Wednesday, 22 January 2014

Places to Quaff and Quarrel - The Black Griffin

The Black Griffin, Canterbury. Curious mythical beast, winged creature of yore, hovering claws and golden of okay I’ll stop. Here is the first in what I hope will be a series of some reviews of places I have visited and did not die in.

I had to meet a friend. I had to meet them for food and to discuss the best way to make people act, on stage, without use of electricity. We normally do this over a large plate of nachos and shame in a pub far away from the city centre. 
 
But I was restless, and had been browsing the internet, looking for something more than tortillas. After looking at several bars and some pictures of worried twigs for a period of time, I chance upon my past, in the form of The Black Griffin.

The Black Griffin, photo courtesy of TripAdvisor
This photo of The Black Griffin is courtesy of TripAdvisor.
Thank you, Tripadvisor
This pub and I had a history. Not an unpleasant one, not like a rash or a nemesis. Let's call it a relationship that had run its course. We were both very different back then, at the turn of the century. The Black Griffin was called The Hobgoblin, and it was a black-doused rock pub, populated by metallers, goths, punk and the needy. I spent many a night in this pub with my then metal-obsessed partner. Sad story, really - he loved metal so much that he sadly expired while trying to gather some from a forge in Cornwall…..or he might be a DJ now. I’m not certain.

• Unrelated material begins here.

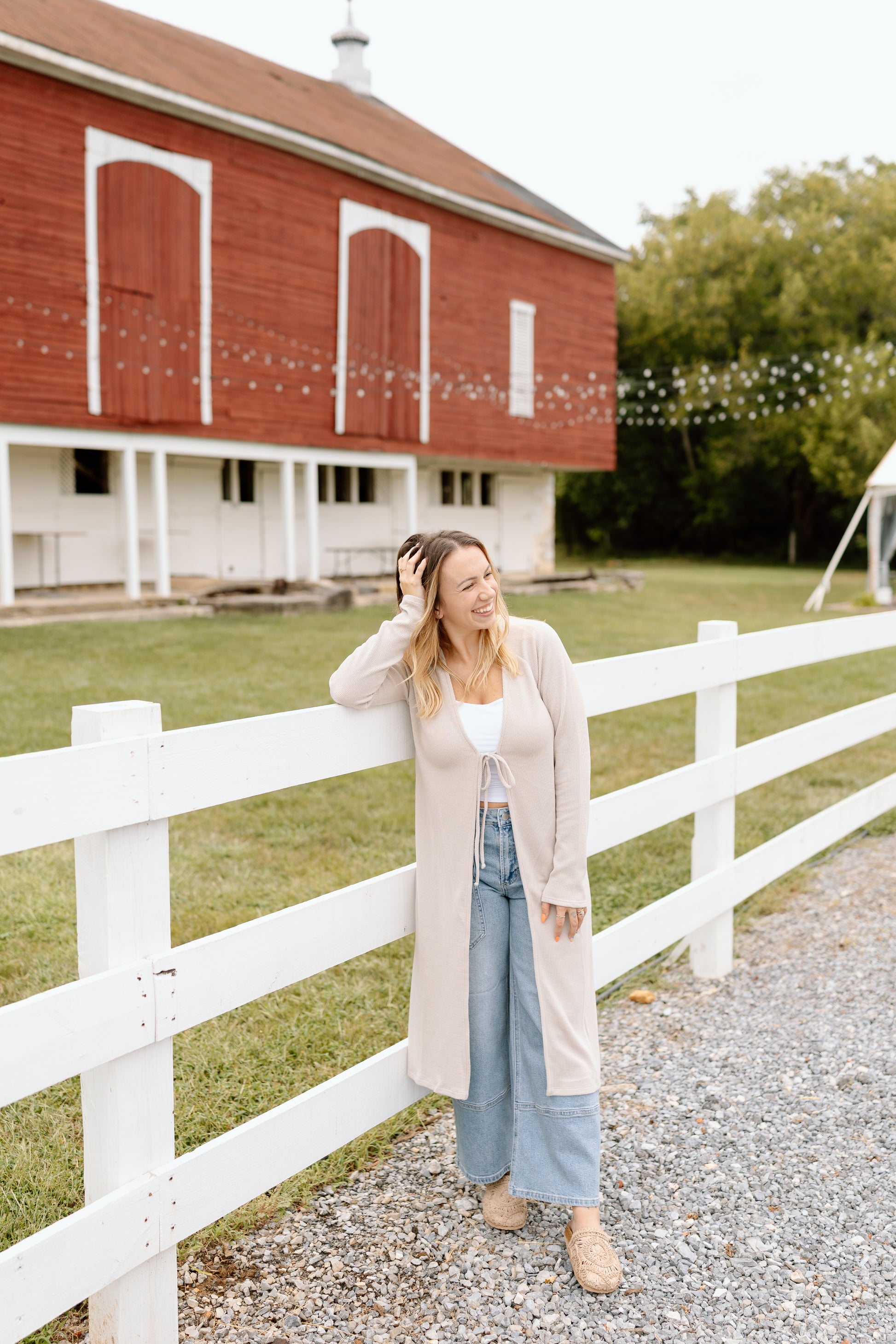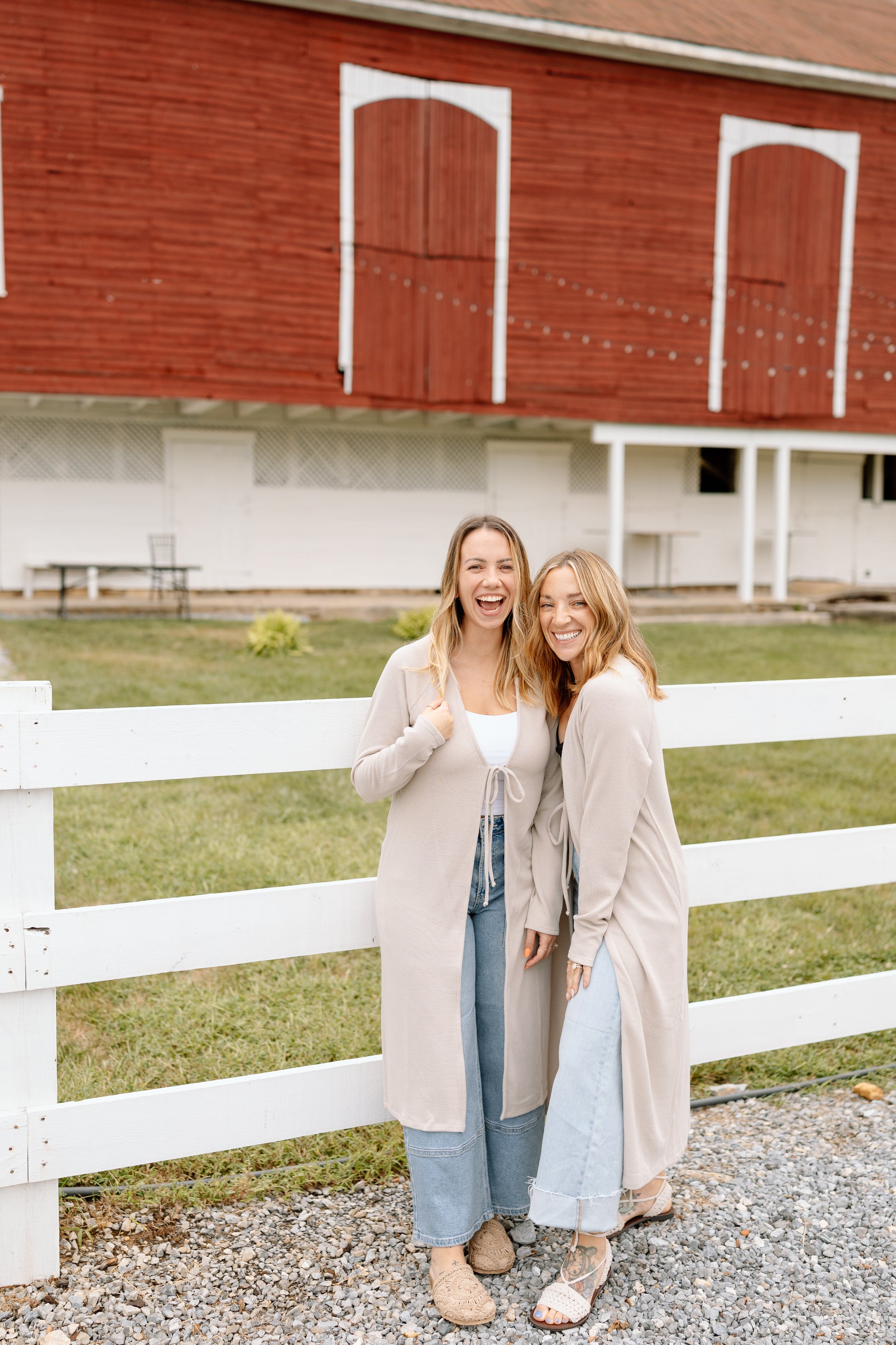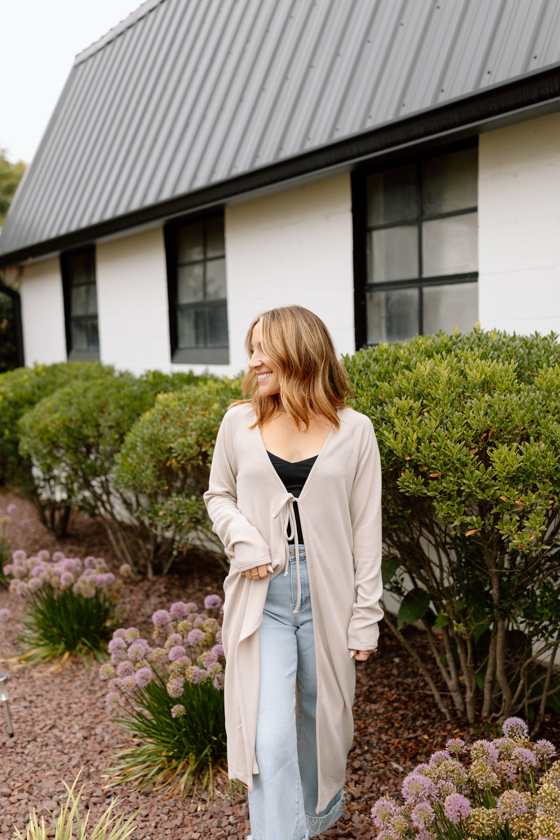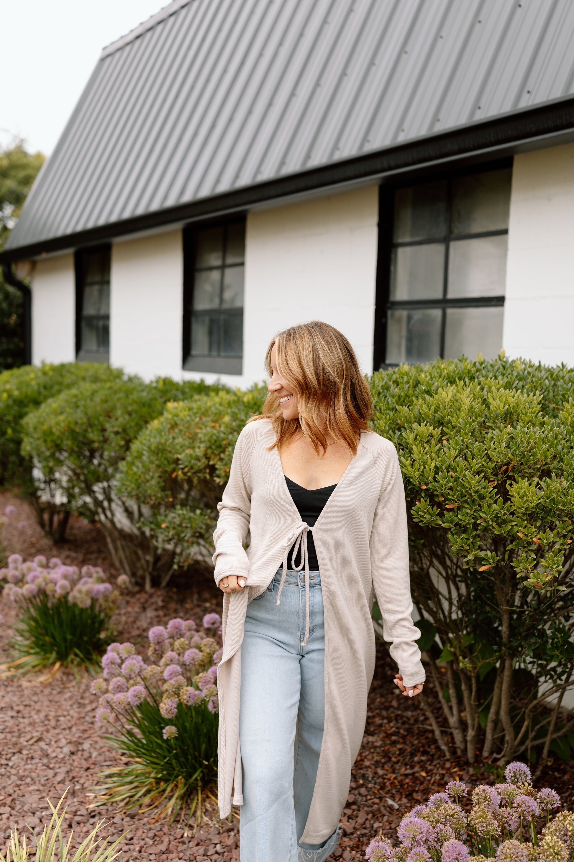 Full length cardigan with tie detail. Made from a blend of 86% Polyester, 12% Rayon, and 2% Spandex, it's soft as a baby kitten. True to size, relaxed fit.

As time wore on, the Hobgoblin and I realised we wanted different things and we parted ways. Not long after I left, the pub had a serious overhaul and re-emerged as The Black Griffin (it's original name from many years back), a cleaner, brighter bar for the world to enjoy. The metallers left, and spent many years wondering the streets in an aimless leathery funk, quietly chanting Cradle of Filth lyrics until The Lady Luck opened a few doors down.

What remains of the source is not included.